Catriona Campbell

Artist Member

Catriona Campbell was born in Dollar, Scotland in 1940. Her father, Ian Campbell, was an artist and art teacher and he taught Catriona the importance of observation and the absolute necessity of developing drawing skills.

Catriona Campbell studied art at Glasgow School of Art from 1957-61. She was a student of David Donaldson and Mary Armour. She studied the art works of Degas, Uccello, Velazquez and Stanley Spencer and learned about how shapes and the spaces between them are vital to composition. The paintings of Scottish artist Joan Eardley also made a deep impression on her. She was awarded The Somerville Shanks Prize for Portraiture in 1959 and graduated in 1961.

Catriona Campbell combined teaching in various primary and secondary schools and then in special education in Edinburgh and Fife with bringing up two children and finally left teaching in 1981 to become a full time painter.

Catriona Campbell paintings display a continuing passion and interest in figure painting. She is an excellent observer of human situations. She also has a love and knowledge of horses, which often inform her subject matter. She works mainly in oils producing paintings rich in colour and depth.

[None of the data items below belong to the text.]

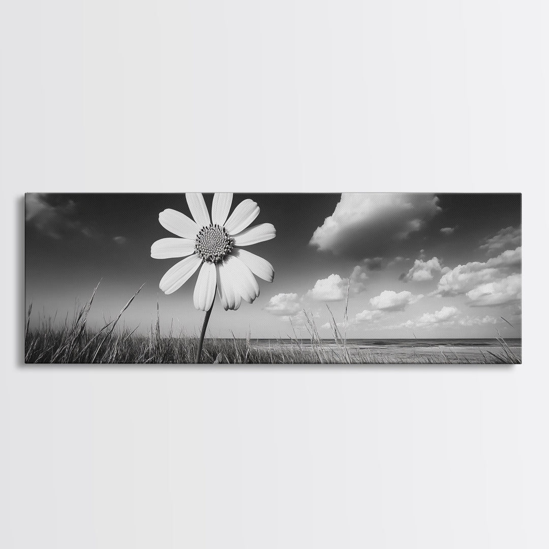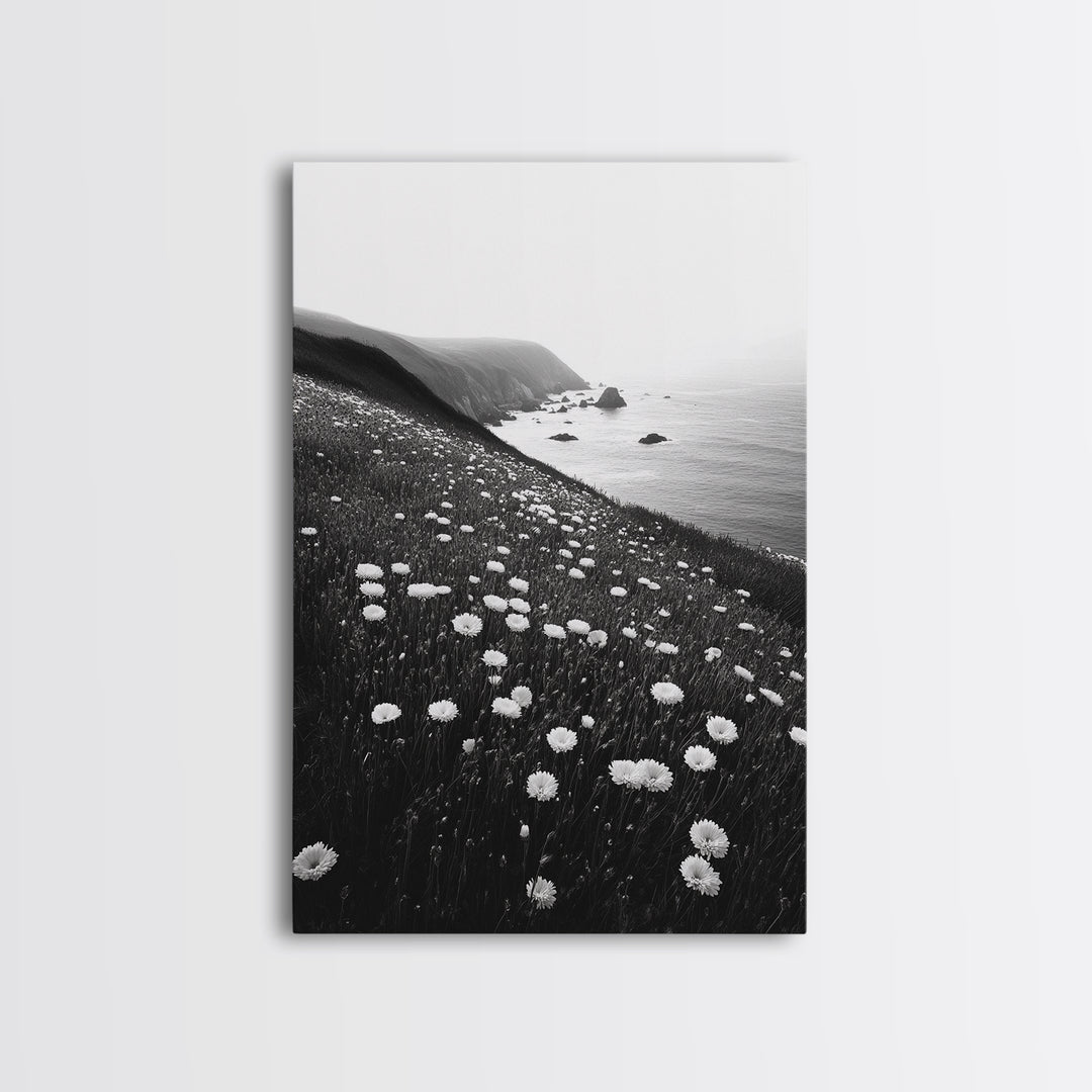 Daisy Cliffside Bloom, Coastal Flowers, Peaceful Nature Scene, Framed Canvas Print, Bedroom Wall Art, Botanical Decor, Minimalist Style
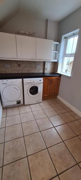 2.92m x 2.17m Utility room at the rear whch is very spacious, fitted units for storage, door to side of house, radiator, plumbed for washer and dryer, tiled flooring, part tiled walls.
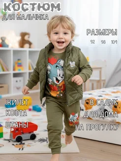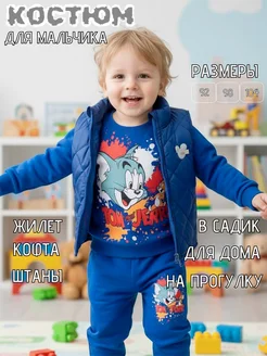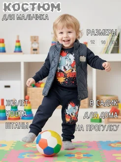 Детский спортивный костюм в садик тройка с жилеткой
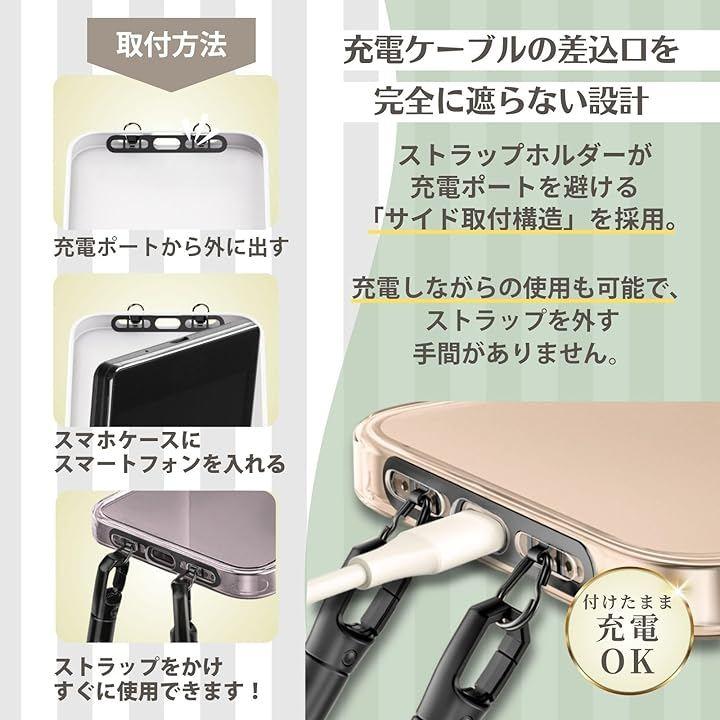 スマホの充電口を遮らないサイド取付構造を採用し、ストラップを外さずにそのまま充電が可能。
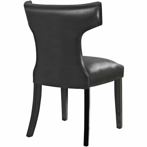 Transform your dining decor with the broadly designed Curve Dining Side Chair. Sweeping lines complement a minimalist shape for a chic look studded with nailhead trim. Curve comes generously padded with dense foam covered in vinyl, non-marking foot caps, and delivers just the right touch of finesse with tapered wood legs. Sporting an hourglass shape, Curve works well in a variety of dining room arrangements.
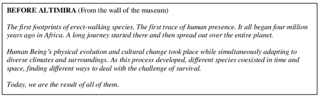 The structure of the museum at Altimira had been thought through carefully. On entering the museum the visitors are given a crash course in Anthropology, particularly key information about the different species of humanity that wandered out of Africa millions of years ago. The main four species were well illustrated. In the images below, the oldest species of ‘Homo’ on the left (Homo Habilis) emerged from southern and eastern Africa in the period spanning 2.1 to 1.44 million years ago. The second image is of Homo Heidelbergensis which was the species that populated Europe between 600,000-200,000 years ago. Then came the third species, Homo Neanderthalensis who emerged in Europe and the Near East between 250,000 and 28,000 years ago. The fourth species were the anatomically modern humans who appeared in Africa 300,000 years ago and reached Europe 40,000 years ago. The arrival of Homo Sapiens is thought to have decimated the Neanderthals who disappeared around 12,000 years ago.
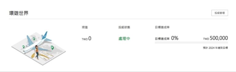 首先是先來設定你要想智能理財為你達成什麼樣的投資目標,像小黑我想要統治地球,所以當然是選擇環遊世界囉。 (蛤?)
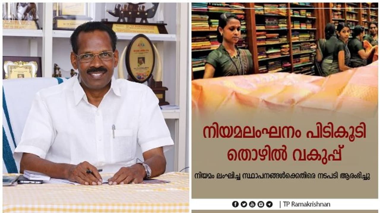 തിരുവനന്തപുരം: സംസ്ഥാനത്തെ തുണിക്കടകളില് ജീവനക്കാര്ക്ക് ഇരിപ്പിടം നല്കാത്ത 58 സ്ഥാപനങ്ങള്ക്കെതിരെ നടപടിയെടുക്കുമെന്ന് തൊഴില് മന്ത്രി ടിപി രാമകൃഷ്ണന്. കഴിഞ്ഞ ദിവസങ്ങളിൽ സംസ്ഥാനത്തുടനീളം തൊഴില് വകുപ്പ് വ്യാപകമായ പരിശോധന നടത്തിയിരുന്നു. പരിശോധനയുടെ അടിസ്ഥാനത്തിലാണ് നടപടി. 1960ലെ കേരള കടകളും വാണിജ്യ സ്ഥാപനങ്ങളും നിയമങ്ങളില് ഭേദഗതി വരുത്തി സര്ക്കാര് തൊഴില് ഇടങ്ങളില് സ്ത്രീകള്ക്ക് ഇരിപ്പിടം ഉറപ്പു വരുത്തുന്ന നിയമം പാസാക്കിയിരുന്നു.

Catriona Campbell has won a number of awards including the Founder’s Prize and the Anne Redpath Award from the Scottish Society of Women Artists, and the Morton Fraser Award from Visual Arts Scotland. She was elected a professional member of the Scottish Society of Women Artists (now re-named Visual Arts Scotland) in 1986 and subsequently a professional member of Paisley Art Institute.